-- DATA follows --

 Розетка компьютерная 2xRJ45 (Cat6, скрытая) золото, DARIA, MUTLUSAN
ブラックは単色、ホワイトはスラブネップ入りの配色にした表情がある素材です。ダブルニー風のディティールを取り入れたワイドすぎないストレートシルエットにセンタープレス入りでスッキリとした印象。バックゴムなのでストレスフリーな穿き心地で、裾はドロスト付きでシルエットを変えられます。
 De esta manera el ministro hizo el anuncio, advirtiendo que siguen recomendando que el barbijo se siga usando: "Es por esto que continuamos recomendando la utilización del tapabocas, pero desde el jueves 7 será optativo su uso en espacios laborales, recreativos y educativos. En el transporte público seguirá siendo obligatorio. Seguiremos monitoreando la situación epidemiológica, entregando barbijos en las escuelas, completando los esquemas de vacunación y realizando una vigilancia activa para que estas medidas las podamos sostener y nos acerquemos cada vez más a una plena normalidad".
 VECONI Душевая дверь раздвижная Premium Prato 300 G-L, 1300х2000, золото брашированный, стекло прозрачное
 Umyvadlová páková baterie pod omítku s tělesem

-- DATA concluded --
-- DATA follows --

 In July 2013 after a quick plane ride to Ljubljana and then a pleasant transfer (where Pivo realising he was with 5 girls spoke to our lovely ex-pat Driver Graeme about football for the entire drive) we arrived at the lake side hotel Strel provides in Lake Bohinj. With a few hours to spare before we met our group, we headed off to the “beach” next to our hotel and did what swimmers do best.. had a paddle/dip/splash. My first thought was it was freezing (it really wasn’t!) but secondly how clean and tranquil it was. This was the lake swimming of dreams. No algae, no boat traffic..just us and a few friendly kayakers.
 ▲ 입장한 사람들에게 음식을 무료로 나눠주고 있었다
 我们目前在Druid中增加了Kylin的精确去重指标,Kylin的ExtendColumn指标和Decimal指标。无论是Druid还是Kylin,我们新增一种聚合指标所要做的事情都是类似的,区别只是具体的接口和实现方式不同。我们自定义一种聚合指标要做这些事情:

-- DATA concluded --
-- DATA follows --

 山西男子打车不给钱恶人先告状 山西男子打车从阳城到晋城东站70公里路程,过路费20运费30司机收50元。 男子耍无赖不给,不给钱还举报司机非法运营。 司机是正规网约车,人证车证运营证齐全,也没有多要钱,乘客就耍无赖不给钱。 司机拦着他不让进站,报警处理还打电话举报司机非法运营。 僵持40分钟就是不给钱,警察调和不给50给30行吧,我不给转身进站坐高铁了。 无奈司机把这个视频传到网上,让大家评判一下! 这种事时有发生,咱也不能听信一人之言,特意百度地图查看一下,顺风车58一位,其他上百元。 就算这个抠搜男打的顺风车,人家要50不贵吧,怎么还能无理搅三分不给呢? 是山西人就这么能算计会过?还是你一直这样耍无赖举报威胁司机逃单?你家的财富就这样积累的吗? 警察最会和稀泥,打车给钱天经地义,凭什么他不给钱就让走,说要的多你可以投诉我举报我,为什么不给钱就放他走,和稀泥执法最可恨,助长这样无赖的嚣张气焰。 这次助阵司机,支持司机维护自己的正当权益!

-- DATA concluded --

▶ [DESCRIPTION OF THE TASK]: Proceeding from the line containing "무료로 나눠주고 있었다" through the line containing "我们目前在Druid中增加了", transcribe the lines above exactly, both end lines included.

▶ [SOLUTION]:
 ▲ 입장한 사람들에게 음식을 무료로 나눠주고 있었다
 我们目前在Druid中增加了Kylin的精确去重指标,Kylin的ExtendColumn指标和Decimal指标。无论是Druid还是Kylin,我们新增一种聚合指标所要做的事情都是类似的,区别只是具体的接口和实现方式不同。我们自定义一种聚合指标要做这些事情:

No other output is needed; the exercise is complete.